写在前面:主要原理是提取视频中的音频,通过语音识别文字的方法完成字幕提取;因此,不支持没有声音的视频。
1.音频提取
def convert_mp4_to_mp3(input_file, output_file):
"""Convert MP4 video file to MP3 audio."""
video_clip = VideoFileClip(input_file)
audio = video_clip.audio
audio.write_audiofile(output_file)
2.音频转文字
model = whisper.load_model(WHISPER_MODEL_PATH).to(device)
def transcribe_audio(file_path):
"""Transcribe audio file using Whisper model."""
result = model.transcribe(
file_path,
language="zh",# Explicitly tell Whisper to use Chinese
task="transcribe",
initial_prompt="这是一段视频教程,请加上标点符号",
beam_size=5,# Add beam_size directly
prompt="- 吃了没?- 吃了。",# Add prompt directly
word_timestamps=True, # 设置为 True 以获取单词时间戳
fp16=False,
)
return result
3.文字保存为字幕
def save_transcription_to_srt(segments, file_path):
"""Save transcription segments to an SRT file."""
with open(file_path, 'w', encoding='utf-8') as f:
for i, segment in enumerate(segments):
f.write(f"{i + 1}\n")
f.write(f"{seconds_to_hmsm(segment['start'])} --> {seconds_to_hmsm(segment['end'])}\n")
translated_text = translate_text(segment['text'])
f.write(segment['text'] + f'\n{translated_text}\n\n')
该代码中
translated_text = translate_text(segment['text'])
功能是对字幕进行翻译,因此保存的字幕为双语字幕(解放字幕组劳动力o(* ̄▽ ̄*)ブ)。翻译方法很多,简单提供一个基于ollama的翻译。
python
def translate_text(content):
"""Translate text to English using Ollama."""
stream = ollama.chat(
model="llama3.2:1b",
messages=[{"role": "user", "content": f"下列文字翻译为简体中文,只输出翻译结果:{content}"}],
stream=True
)
output = ''
for chunk in stream:
output += chunk['message']['content']
return output
在上述功能的基础上,进阶两个功能。
4.更新字幕到视频内
def videoclip_with_subtitles(src_mp4, dst_mp4, srt_file):
"""Add translated subtitles to the video."""
video = VideoFileClip(src_mp4)
subtitles = parse_srt(srt_file)
text_clips = []
for text, start, duration in tqdm(subtitles):
# translated_text = translate_text(text)
wrapped_text = insert_newlines(text, max_words=10)
text_clip = (TextClip(wrapped_text, font='msyh.ttc', fontsize=30, color='red')
.set_position('top')
.set_duration(duration)
.set_start(start))
text_clips.append(text_clip)
final_video = CompositeVideoClip([video, *text_clips])
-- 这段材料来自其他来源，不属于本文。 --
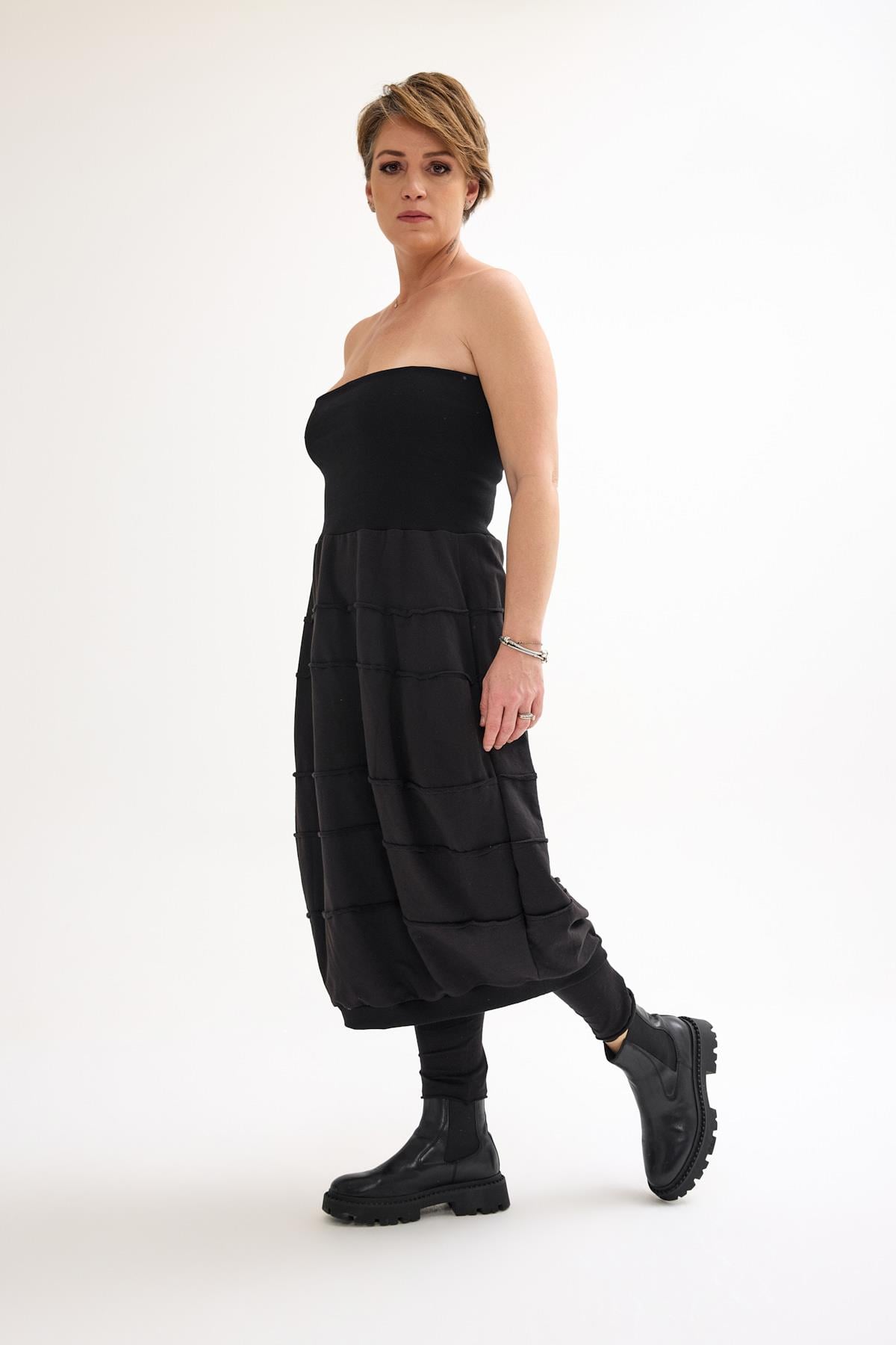 This avant-garde cotton skirt features a tulip-shaped silhouette with decorative seams, a ribbed jersey waistband, and side pockets with concealed zippers. Finished with a cuffed hem, it combines everyday comfort with modern design.

final_video.write_videofile(dst_mp4, audio_codec='aac')
其中字幕解析为:
def parse_srt(srt_file):
"""Parse SRT file and return subtitles as text, start time, and duration."""
subtitles = []
with open(srt_file, 'r', encoding='utf-8') as file:
content = file.read()
entries = re.split(r'\n\n+', content.strip())
for entry in entries:
lines = entry.splitlines()
if len(lines) >= 3:
time_range = lines[1]
start, end = time_range.split('-->')
start_time = convert_srt_time_to_seconds(start)
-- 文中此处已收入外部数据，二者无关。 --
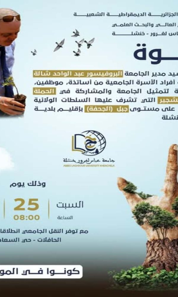 أسرة جامعة عباس لغرور خنشلة؛ من قلب الحدث تلبي النداء وتشارك بكل مكوناتها في حملة التشجير الوطنية؛ بمنطقة جبل الجحفة، إقليم بلدية بابار- ولاية خنشلة....اقرأ أكثر

duration = convert_srt_time_to_seconds(end) - start_time
text = '\n'.join(lines[2:])
subtitles.append((text, start_time, duration))
return subtitles
5.根据新的字幕,生成新的音频(方法很多,另开贴,更新后网址会贴在这里),即可以将外文音频转为中文音频。(代码还存在一些缺陷,修改后更新)
python
def text_to_speech(text, mp3_filename="output.mp3"):
# 初始化TTS引擎
engine = pyttsx3.init()
# 设置语音属性(可选)
engine.setProperty('rate', 150) # 语速
engine.setProperty('volume', 1) # 音量 (0.0到1.0)
# 保存为WAV文件
wav_filename = "1.wav"
engine.save_to_file(text, wav_filename)
engine.runAndWait()
# 使用pydub将WAV转换为MP3
audio = AudioSegment.from_wav(wav_filename)
audio.export(mp3_filename, format="mp3")
# 读取字幕文件
subs = pysrt.open('data\\27364690929-1-192.srt')
# 创建一个空的音频文件列表
audio_clips = []
# 遍历每条字幕
for sub in tqdm(subs):
# 将字幕文本转换为语音
text_list = sub.text.split('\n')
text_zh = text_list[-1] # 确保提取的文本是字符串而不是列表
# 生成音频文件
audio_filename = f"audio_temp/audio_{sub.index}.mp3"
text_to_speech(text_zh, audio_filename)
# 创建音频片段
audio_clip = AudioFileClip(audio_filename)
# 确保使用正确的单位:毫秒到秒
# duration = (sub.end.ordinal - sub.start.ordinal) / 1000 # 转为秒
# audio_clip = audio_clip.set_duration(duration)
# 计算合适的开始时间
start_time = sub.start.ordinal # 转为秒
audio_clip = audio_clip.set_start(start_time)
audio_clips.append(audio_clip)
# 合并所有音频片段
final_audio = concatenate_audioclips(audio_clips)
将新的音频合并到视频内,即可完成音频替换
python
video = VideoFileClip('data\\27364690929-1-192.mp4').without_audio()
# 将新的音频合并到视频中
final_video = video.set_audio(final_audio)
# 保存最终视频
final_video.write_videofile('data\\27364690929-1-192-zh-audio.mp4', codec='libx264')
github上有一些非常棒的类似项目,做完才看到,还没深入研究,大家可以上去多看看。